Aim of the task: Retype the listing found below exactly, but leave out each picture.

Information supplied:
Segment Open

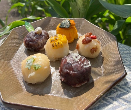 北海道食材を取り入れた、色とりどりのひとくちおはぎ。
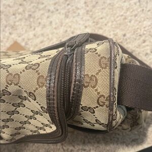 Stylish Gucci baby bag with signature GG pattern. Beige and brown tones. Perfect for parents on the go.
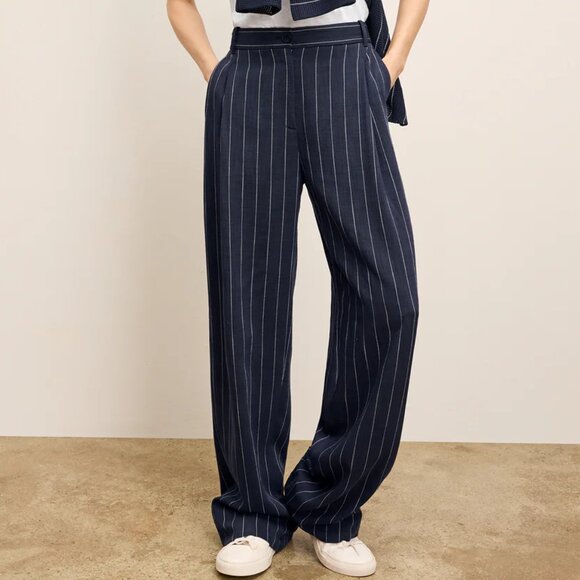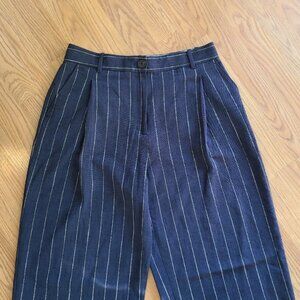 NEW! M.M. LaFLEUR FITZ PLEATED TROUSERS PANTS WOVEN PINSTRIPE HIGH RISE
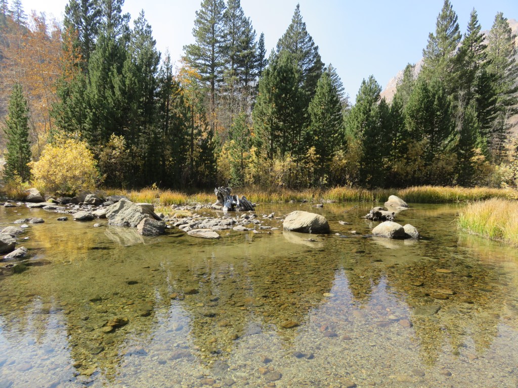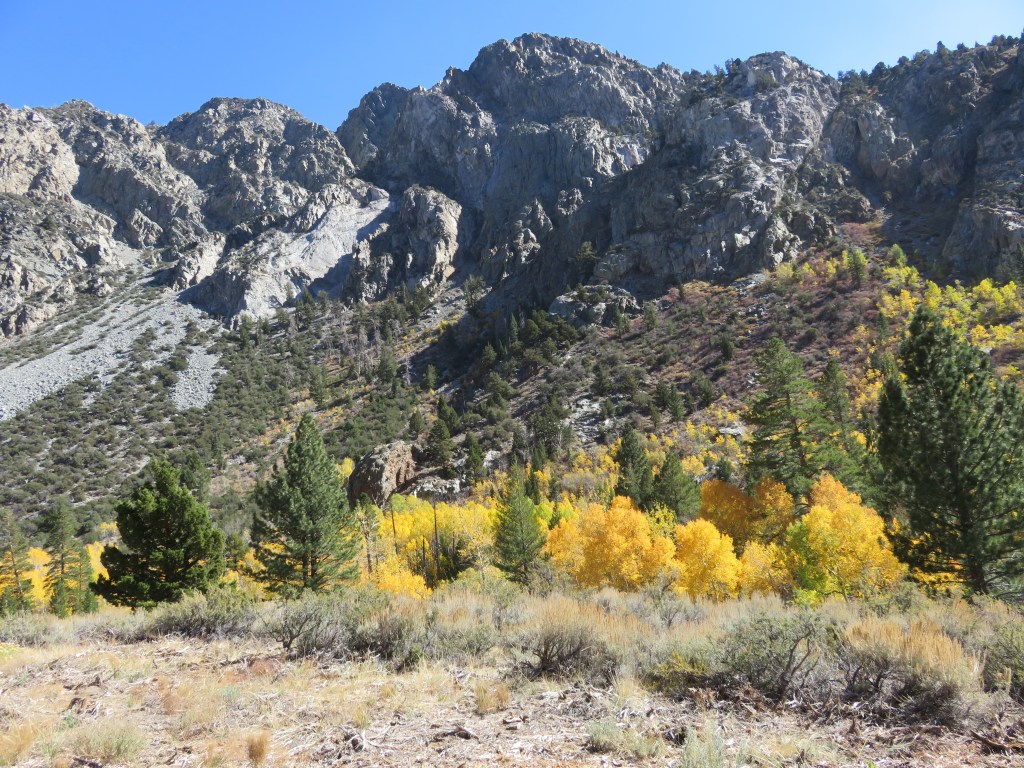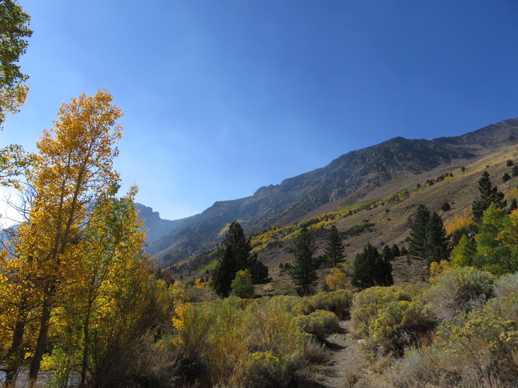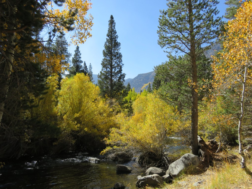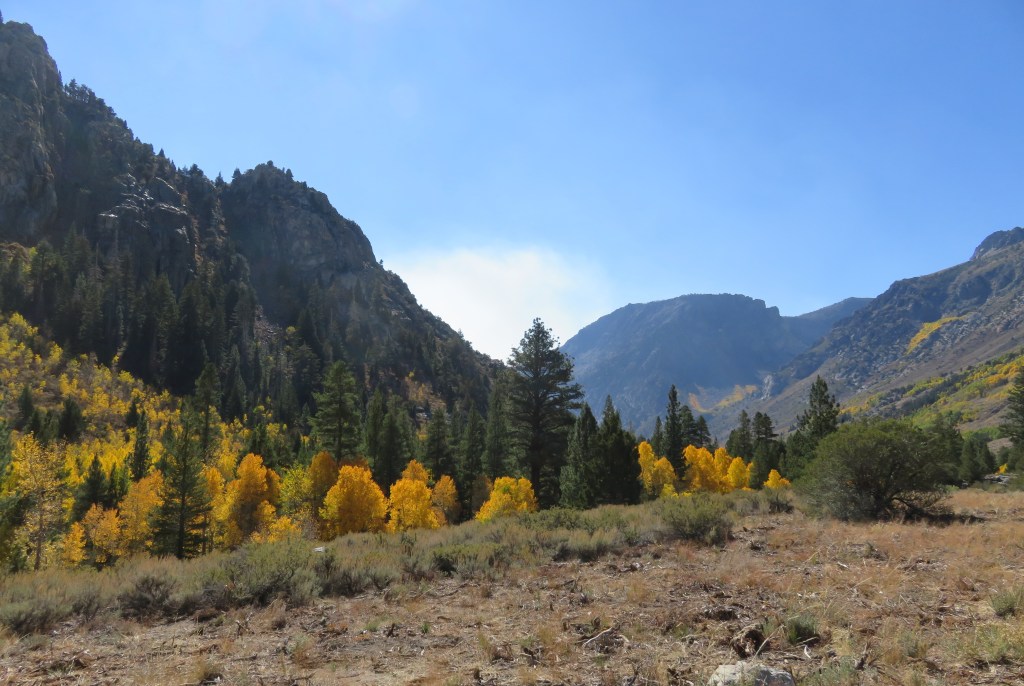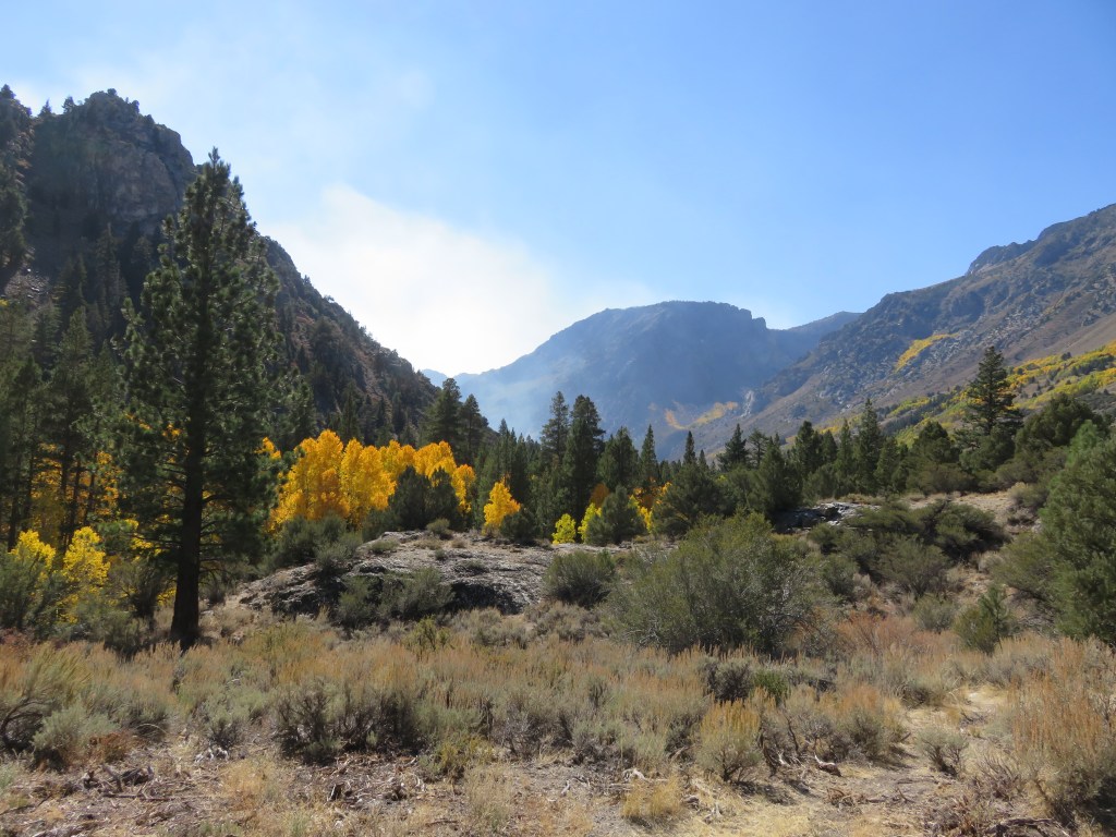 You don’t have to hike 10 miles into the wilderness to be fully immersed in nature. You can even enjoy it immensely with other people around you. Sometimes it comes down to timing or serendipity. Sometimes it’s a massive wildfire. Sometimes it’s a change in wind direction. On the weekend of my first trip to the Eastern Sierras to see the fall colours, it was all of those things, but nature … gotta love it. Neither fire, smoke, nor a fall blocked the beauty or spoiled our fun. So this post is all about okay, mostly about the photos.

Segment Closed

Solved exercise:
 北海道食材を取り入れた、色とりどりのひとくちおはぎ。
 Stylish Gucci baby bag with signature GG pattern. Beige and brown tones. Perfect for parents on the go.
 NEW! M.M. LaFLEUR FITZ PLEATED TROUSERS PANTS WOVEN PINSTRIPE HIGH RISE
 You don’t have to hike 10 miles into the wilderness to be fully immersed in nature. You can even enjoy it immensely with other people around you. Sometimes it comes down to timing or serendipity. Sometimes it’s a massive wildfire. Sometimes it’s a change in wind direction. On the weekend of my first trip to the Eastern Sierras to see the fall colours, it was all of those things, but nature … gotta love it. Neither fire, smoke, nor a fall blocked the beauty or spoiled our fun. So this post is all about okay, mostly about the photos.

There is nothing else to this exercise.